Projects
Studying umbilical cord blood (UCB) CD34+ cell interaction with erythropoietin (EPO) as a soluble factor in UCB transplantation
The Aljitawi lab has been investigating EPO signaling through EPO receptor (EPOR) effects on UCB CD34+ cell homing and engraftment. Dr. Aljitawi and his research team discovered that exposure to erythropoietin impairs UCB CD34+ cell homing to the bone marrow. To translate this finding to patient care, Dr. Aljitawi and his research team investigated the use of hyperbaric oxygen (HBO) as a modality to lower systemic EPO with the aim of improving UCB CD34+ cell homing and engraftment. This work in its entirety was recently published in Blood, and there are several ongoing clinical trials at different stage for HBO treatments.
Studying erythropoietin (EPO) signaling through its receptor, EPOR in UCB CD34+ cells
The Aljitawi lab has found that RasGRP3 plays a role in EPO signaling through EPOR in UCB CD34+ cells. Currently, we are exploring RasGRP3's effects on UCB CD34+ cells in vitro and in vivo.
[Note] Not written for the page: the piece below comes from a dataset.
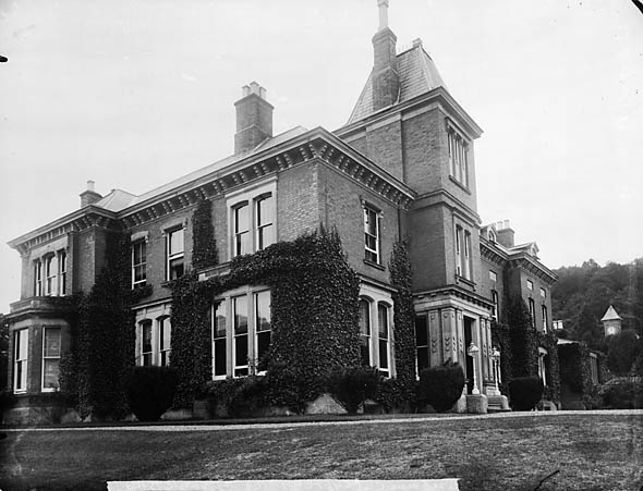 1 negative : glass, dry plate, b&w ; 16.5 x 21.5 cm.

Using Wharton's jelly decellularized matrix as a 3-D model to study cancer-matrix interactions and hematopoietic stem cell-matrix interactions
Since decellularized Wharton's jelly matrix mimics the bone marrow matrix, we are using this matrix to expand UCB CD34+ cells with improved homing capabilities. Also, we use this matrix to study leukemia-matrix interactions with focus on generating leukemia cells that are resistant to chemotherapy effects. In addition, in collaboration with Dr. Van Veldhuizen, we are studying prostate cancer-matrix interactions.